Infância nos quintais livres da Serra
Falando em quintais, entre ramalhete e ramalhoça, recordo-me com saudades da minha infância na roça. Um recanto em que energia elétrica estava distante. Minha rede branca, suave repousar. Eita tempinho bom que foi! Era puro, simples e muito feliz da conta. Vivido nos tempos do fogão à lenha. Da água de cacimba, no pote, e da lamparina também. Nada faltava que não fosse nada. Inocente, ganância eu nem sabia. Nada exigia, porque não era muito o que precisava. Brincava de ciranda em noites enluaradas num areal debaixo de um frondoso Pé de Jabotá, com a infantilidade recatada e apraz do lugar
As cantigas noturnas nas calçadas da Vila. Nos degraus da igrejinha, eram proferidas prosas lindas. Preocupação ausente. Nos dias calorosos, aquecimentos luminosos. Em ocupação campestre, colhia frutas e hortaliças, pois mesmo criança, ajudava meu pai na lavoura. Saber obedecer fazia parte da nossa criação. E ainda cuidava dos canteiros onde mamãe plantava legumes e verduras. O frio neblinoso, de manhã feito companhia, nos rondava.
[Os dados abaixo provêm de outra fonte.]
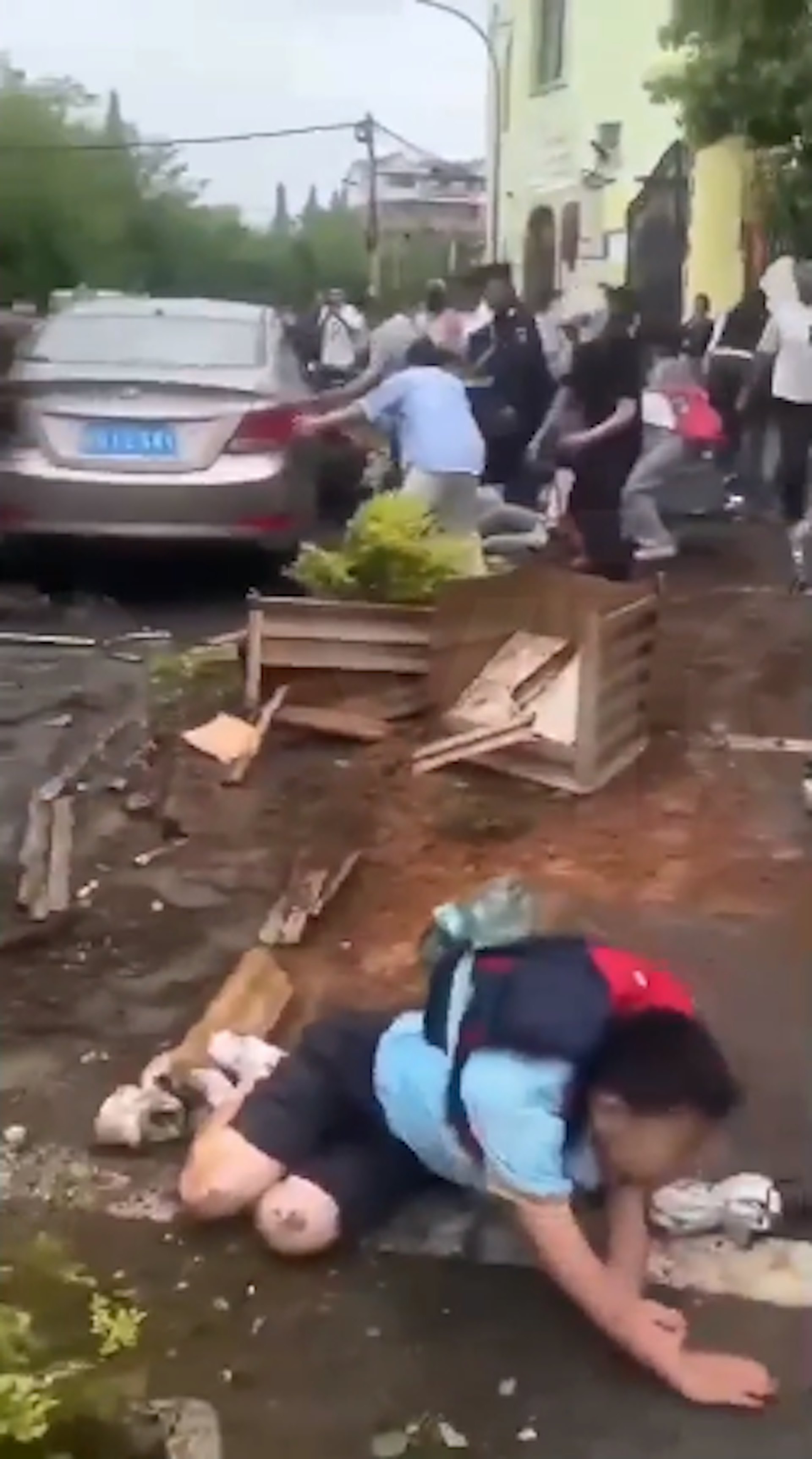 家長幼童倒地哀嚎。家長幼童倒地哀嚎。眾人抬車救人。(影片截圖)- D2 T, U: O" U: T- v5 K# O! Q( T

Recordo os banhos, nu feito índio, no riacho, pitoresco e desfrutável.
Com baladeira e bornal, carregava pra mata, a pureza de menino. Inocentes eram as caçadas de passarinhos. A casa de adobe, caiada de cal branco. A vereda conduzia pra Chapada, lugar alto do terreno da Serra. E caminhos rasos, direcionavam-me ao riacho pelo outro lado baixo. Da janela, eu via a estrada e o final dela. Tantas flores. Tinha Cravo, Açucena, Bom dia, Boa noite, Oliveira e Benedita. Outra planta de flor amarela, que não lembro o nome dela, e um pé de Papoula Vermelha. Tendo como das mais bela, uma lindíssima roseira.
Longe de tudo, ainda não havia condições de comprar brinquedos, então, com criatividade, os meus, eu mesmo fazia de plantas, pedaços de madeira entre outros fragmentos da natureza. Aquilo pra mim era lindo feito poesia. Também queria ser músico e inventava instrumentos em latas de óleo, aquela do óleo de caroço de algodão e que tinha a "nega da lata" ou "neguinha do pajeú, de trança". Depois eu ia tocar bateria debaixo das mangueiras. Se divertia com “pés de lata e barbante” ou com "perna de pau”. Gaiola feita de talo de buriti e tinha também pinhão do tronco de goiabeira. Meus carrinhos eram de madeira. Um deles era tido com uma forquilha colocada ao ombro e com um pedaço de pau em cruz para pôr as mãos e poder guiar, com duas rodas ao solo. Do fruto do jatobazeiro, eu adaptava palitos como perninhas e dizia que eram bois. Tímido, sempre tive poucos amigos, mas com muitos irmãos, podia brincar melhor, inclusive com bonecas de pano das minhas irmãs, que juntavam-se comigo. Tinha umas bonecas de plástico que chamávamos de Bebé.
Entre diversos arvoredos o que eu mais admirava eram as folhagens dos pés de manga e caju. Refresco maravilhoso era ficar à sombra dos mangueiras e laranjais. O encanto maior era ouvir o canto dos pássaros na mata perto de casa, e quando pousavam nos galhos dos Jatobás, coqueiros e buritis. A cantilena gorjeada mais bela era do cupido. No terreiro e quintal de casa ou dos vizinhos o show era um sucesso perfeito da natureza.
Entre o verde, surgia uma sinfonia do vento e dos animais no curral. Até o berro do jumento parecia um relógio, pois a gente já sabia mais ou menos, a hora dele. Era uma beleza ter a harmonia sonora do sabiá, pardal, pintassilgo, rouxinol, entre outros. E assim, naquele tempo, e eternizado na memória, localizada na Serra Ibiapaba, a nossa felicidade foi mesmo um patrimônio de tranquilidade que se transformou em nostalgia, pois nas humildes moradas, muro não havia.